In the early 19th century, many medical doctors in Europe and America were critical of the medical practices common at the time. Various alternative methods of health care were proposed and attempted. One particular system of natural-oriented care in the United States was given the the name "Hygiene".

“Hygiene represents a return to that pristine mode of living that emerged with man when he first appeared on the earth; it is a revival of something precious that had been all but lost during the course of ages...” H. Shelton, 1968.

Sylvester Graham sought to revolutionize the diet and health practices of the country in the 1830s and 1840s. He taught the benefits of vegetarianism when the American diet was based largely on meat and white bread as fruit and vegetables were not considered nutritious. He became a well known and controversial lecturer on what became know as the Grahamite philosophy. His views on food led to riots in Boston, as his prescriptions for health interfered with commerce. He lectured in New York City in 1832 on the Hygienic means of preventing and treating cholera. Phenomenal results were achieved for cholera patients in applying the simple Hygienic rules for all acute disease: "rest in bed, stay warm and abstain from all food until health returns."

Herbert M. Shelton (1895–1985) was a prominent pacifist, Naturopathic Doctor, and champion of the original Natural Hygiene ideas from the 1830s to 1970s. Despite ongoing legal battles with the medical field throughout his career which led to lawsuits, fines, financial ruin, and imprisonment, he tirelessly devoted his entire life to the cause of Natural Hygiene.  He wrote many books and other teaching materials to bring Natural Hygiene to the public. He opened schools in Natural Hygiene and founded the American Society of Natural Hygienists. Shelton had many admirers who saw him as a great inspirational leader and a natural healer. Mahatma Gandhi is said to have relied on Dr. Shelton's writing on fasting, and before the outbreak of World War II had invited Dr. Shelton to visit him in India. Ghandi had referred to Volume III of The Hygienic System throughout his fasting career.


 


T.C. Fry was a student of Shelton and carried the torch of Natural Hygiene until his death in 1996. He was a great educator, writer and health counselor who introduced many to Natural Hygiene. He used bulk mail to send millions of leaflets and publications across America.

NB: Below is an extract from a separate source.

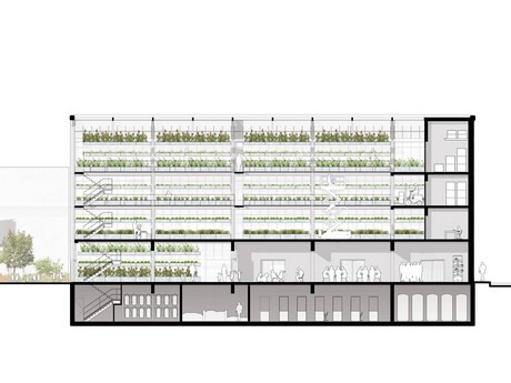 This urban agriculture building is to be realized as part of a city renovation program. "All floors above the ground floor will be dedicated to local production", Corenthin shows. "As for the subsurface, it will be intended to produce mushrooms. The building will consist of 2 wings of 7 m wide each, the eastern greenhouse on the 6th floor and the western greenhouse on the 3rd floor (the first vegetable towers in Europe)."

An eighth grade dropout, T. C. was entirely self-taught with Dr. Shelton's works as his foundation. He had overcome many long standing health problems through Natural Hygiene, and with devoted fervor made it his calling to spread the message. He usually worked for little or no compensation, and what profits he did earn went back into printing and mailing out his literature to health seekers. Among T.C. Fry's enterprises were a hygienic fasting center in Texas and his Healthful Living magazine which flourished in the 1980s with 30,000 subscribers.

T.C. Fry's greatest contribution was the immense 108-lesson Life Science/Natural Hygiene course he wrote in 1982. The Transformation Institute's Essential Natural Hygiene Course is distilled from these writings. Among his students were "Fit for Life" authors Marilyn and Harvey Diamond, and the world-renowned motivational teacher and author, Anthony Robbins. Fit for Life, published in 1985, became the all-time best seller in diet and nutrition in history.